◆ BRIEF:
From the line with "with Figurine Set" through the line with "Jugend trifft Politik!", inclusive, return each line of the data below exactly and leave the rest out.

◆ MATERIAL FOR THIS EXERCISE:
Segment Open

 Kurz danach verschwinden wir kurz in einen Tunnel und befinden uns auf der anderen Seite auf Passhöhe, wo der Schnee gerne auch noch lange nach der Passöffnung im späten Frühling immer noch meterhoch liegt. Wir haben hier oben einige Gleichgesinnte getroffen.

Segment Closed
Segment Open

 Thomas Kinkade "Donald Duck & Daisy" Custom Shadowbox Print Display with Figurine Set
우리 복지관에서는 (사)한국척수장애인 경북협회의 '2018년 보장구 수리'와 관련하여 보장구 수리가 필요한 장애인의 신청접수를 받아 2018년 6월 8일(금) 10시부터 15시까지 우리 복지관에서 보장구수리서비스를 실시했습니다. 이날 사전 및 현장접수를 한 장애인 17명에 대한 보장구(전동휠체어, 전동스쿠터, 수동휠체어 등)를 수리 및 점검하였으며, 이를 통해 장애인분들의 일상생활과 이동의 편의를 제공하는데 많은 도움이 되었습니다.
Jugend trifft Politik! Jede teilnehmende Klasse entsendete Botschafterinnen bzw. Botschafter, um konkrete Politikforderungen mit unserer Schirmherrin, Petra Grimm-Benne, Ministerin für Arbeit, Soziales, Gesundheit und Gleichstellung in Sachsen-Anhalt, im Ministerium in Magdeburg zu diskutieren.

Segment Closed
Segment Open

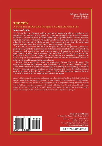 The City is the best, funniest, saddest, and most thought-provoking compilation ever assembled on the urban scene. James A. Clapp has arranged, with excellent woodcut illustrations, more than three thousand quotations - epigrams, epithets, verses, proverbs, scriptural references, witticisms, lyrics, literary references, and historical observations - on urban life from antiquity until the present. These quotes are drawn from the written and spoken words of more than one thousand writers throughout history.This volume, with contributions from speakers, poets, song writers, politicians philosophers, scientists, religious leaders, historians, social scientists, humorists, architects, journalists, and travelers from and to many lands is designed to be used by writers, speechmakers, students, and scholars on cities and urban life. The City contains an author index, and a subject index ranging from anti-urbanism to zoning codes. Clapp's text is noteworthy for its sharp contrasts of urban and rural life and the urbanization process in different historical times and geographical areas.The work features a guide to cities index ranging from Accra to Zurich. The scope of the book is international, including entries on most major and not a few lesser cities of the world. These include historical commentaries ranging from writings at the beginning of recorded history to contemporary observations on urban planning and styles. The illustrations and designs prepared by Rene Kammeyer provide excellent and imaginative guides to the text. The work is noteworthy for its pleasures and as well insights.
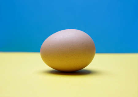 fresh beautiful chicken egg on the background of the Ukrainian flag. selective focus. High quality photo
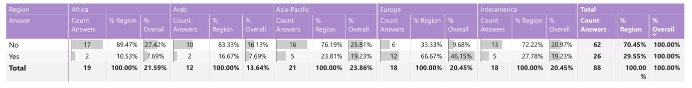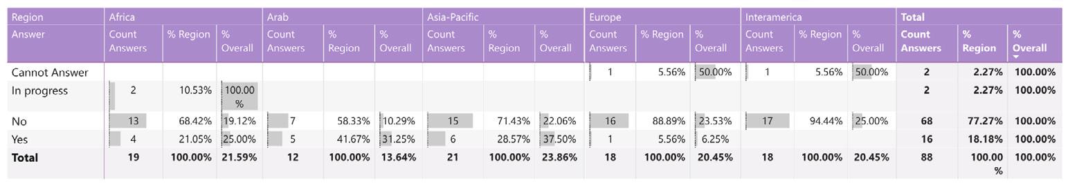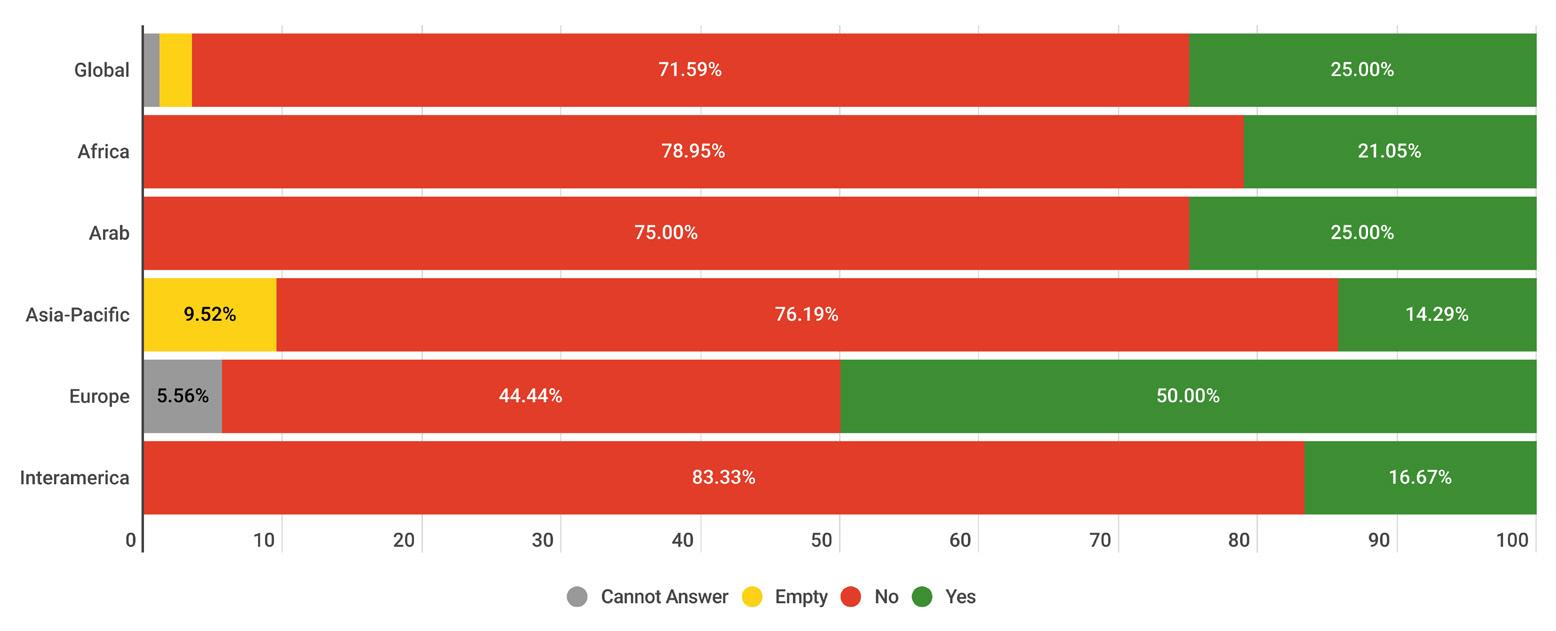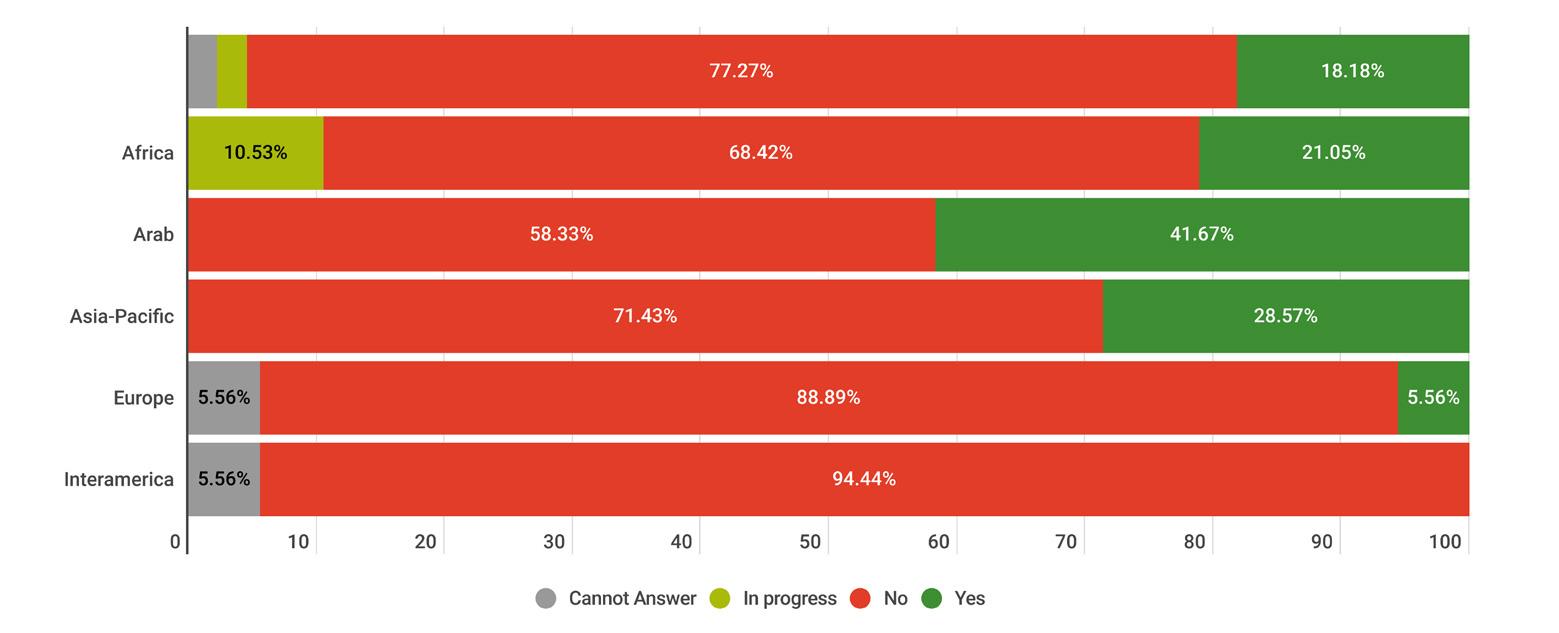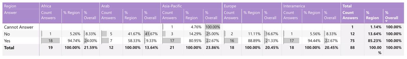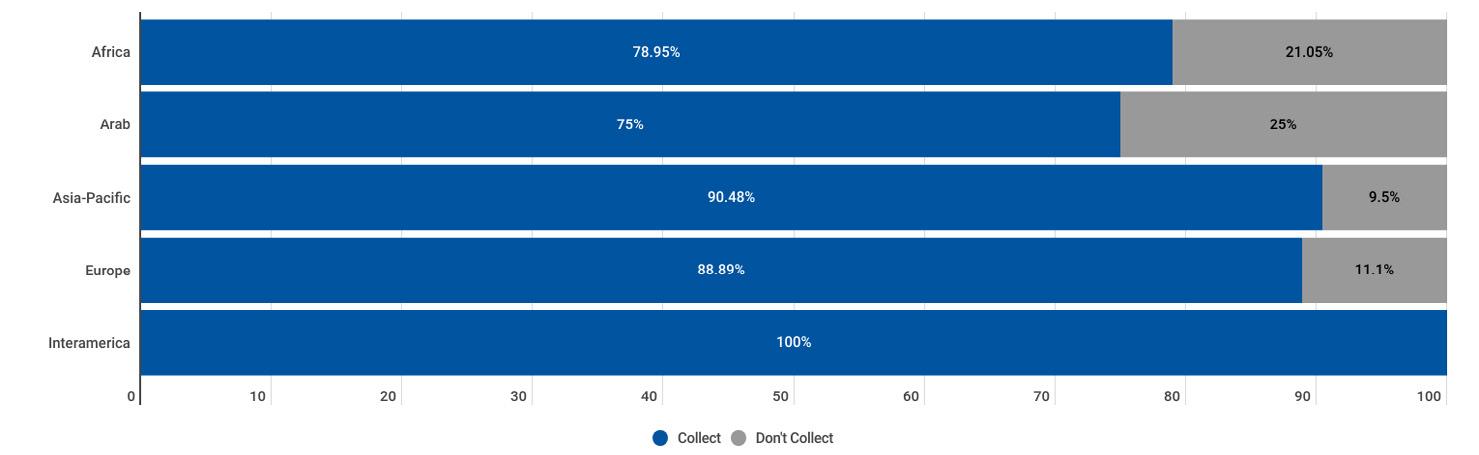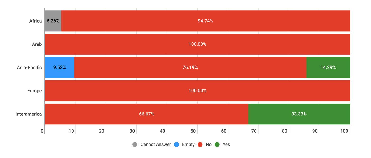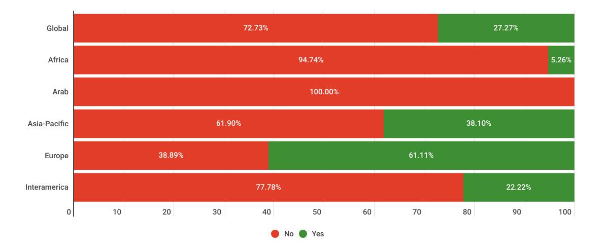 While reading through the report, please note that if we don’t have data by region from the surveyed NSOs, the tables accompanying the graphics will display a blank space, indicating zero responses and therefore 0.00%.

Segment Closed

◆ SOLVED EXERCISE:
 Thomas Kinkade "Donald Duck & Daisy" Custom Shadowbox Print Display with Figurine Set
우리 복지관에서는 (사)한국척수장애인 경북협회의 '2018년 보장구 수리'와 관련하여 보장구 수리가 필요한 장애인의 신청접수를 받아 2018년 6월 8일(금) 10시부터 15시까지 우리 복지관에서 보장구수리서비스를 실시했습니다. 이날 사전 및 현장접수를 한 장애인 17명에 대한 보장구(전동휠체어, 전동스쿠터, 수동휠체어 등)를 수리 및 점검하였으며, 이를 통해 장애인분들의 일상생활과 이동의 편의를 제공하는데 많은 도움이 되었습니다.
Jugend trifft Politik! Jede teilnehmende Klasse entsendete Botschafterinnen bzw. Botschafter, um konkrete Politikforderungen mit unserer Schirmherrin, Petra Grimm-Benne, Ministerin für Arbeit, Soziales, Gesundheit und Gleichstellung in Sachsen-Anhalt, im Ministerium in Magdeburg zu diskutieren.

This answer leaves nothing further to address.